:: Recorded information ::
___
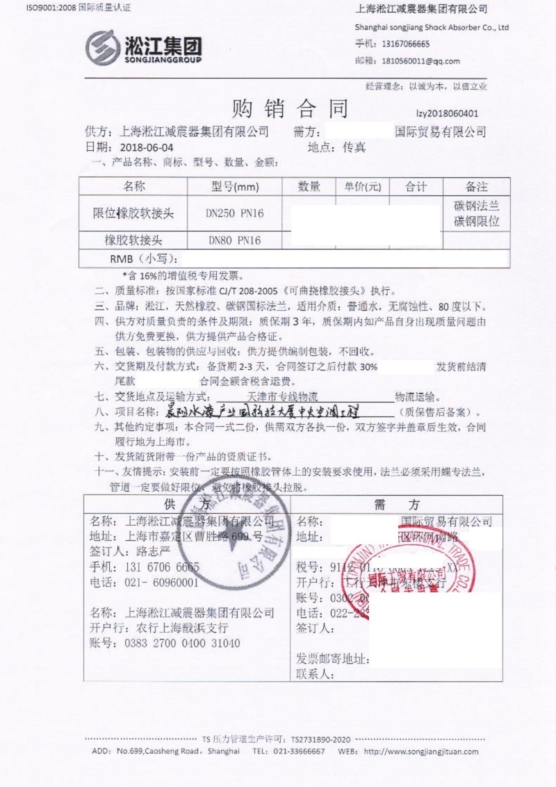 【河北晨陽水漆產業園科技大廈】橡膠接頭合同介紹:
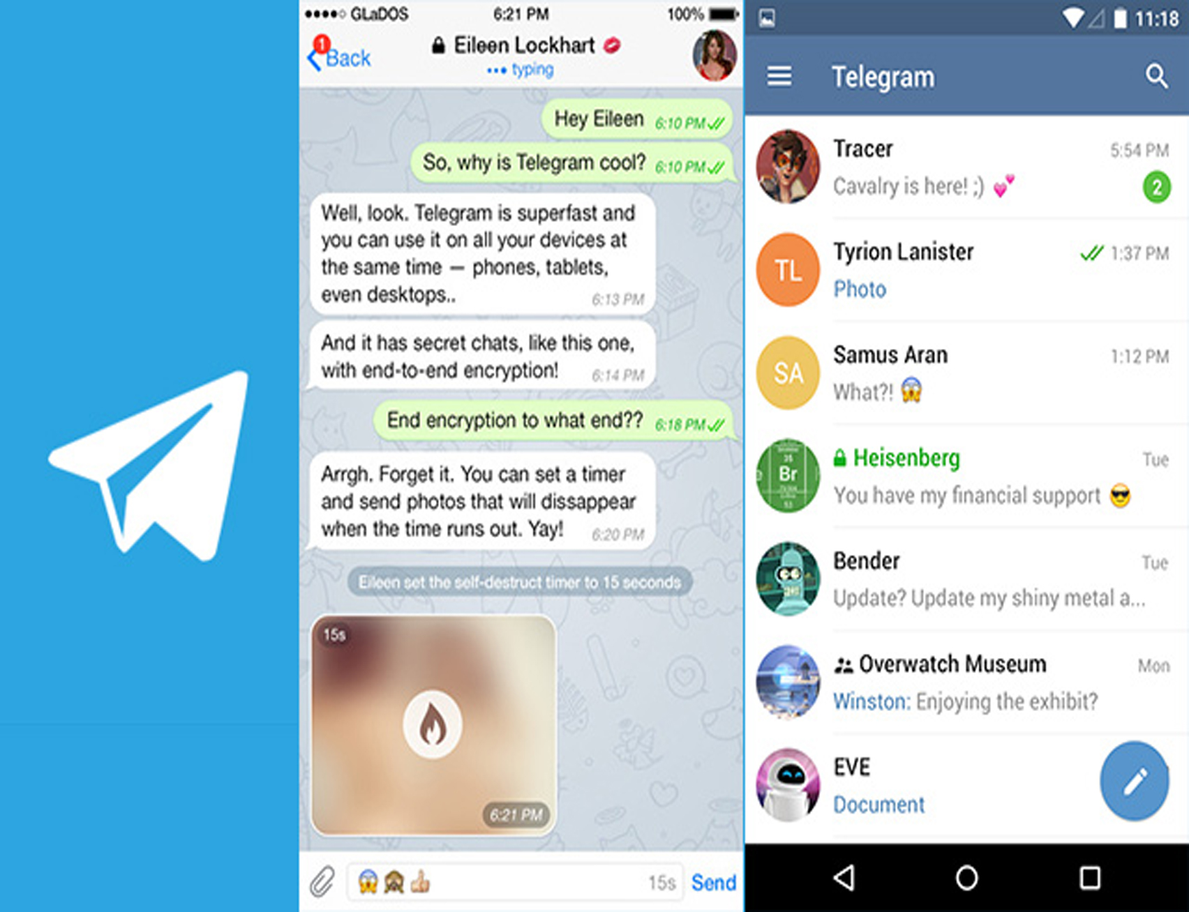В чатах можно устанавливать таймер для удаления фото или видео. Когда установленное время истечет, файл удалится для двух сторон. При этом, все нужные сообщения можно сохранять в отдельный диалог. Также туда можно загрузить неограниченное количество файлов, то есть мессенджер предоставляет бесконечное облако. В 2019 году появилась возможность закреплять сообщения.
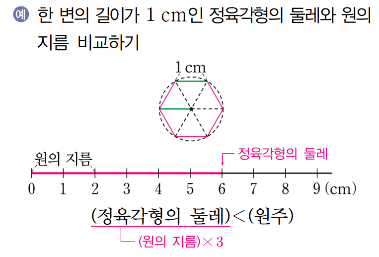 ㄴ) 원주율 알아보기 원주율을 소수로 나타내면 3.141592653587932……와 같이 끝없이 계속 됩니다.
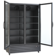 Leveres med 8 svarte, kraftige trådhyller som tåler 37 kg og som sørger for at alle typer glass, bokser og flasker står stabilt på hyllene. Hyllene kan justeres i mange nivåer. Skapet har 4 kraftige hjul, hvorav 2 har bremser, slik at det alltid er mulig å flytte det, selv når det er fullt. Skapet har hengslede dører med lås slik at det kan låses. Dørene lukkes automatisk, noe som alltid minimerer temperaturøkninger.
___
:: How to complete this task ::
Only the lines from the one with "ㄴ) 원주율 알아보기" through the end of the listing should be transcribed, exactly and without pictures.

:: Expected output ::
 ㄴ) 원주율 알아보기 원주율을 소수로 나타내면 3.141592653587932……와 같이 끝없이 계속 됩니다.
 Leveres med 8 svarte, kraftige trådhyller som tåler 37 kg og som sørger for at alle typer glass, bokser og flasker står stabilt på hyllene. Hyllene kan justeres i mange nivåer. Skapet har 4 kraftige hjul, hvorav 2 har bremser, slik at det alltid er mulig å flytte det, selv når det er fullt. Skapet har hengslede dører med lås slik at det kan låses. Dørene lukkes automatisk, noe som alltid minimerer temperaturøkninger.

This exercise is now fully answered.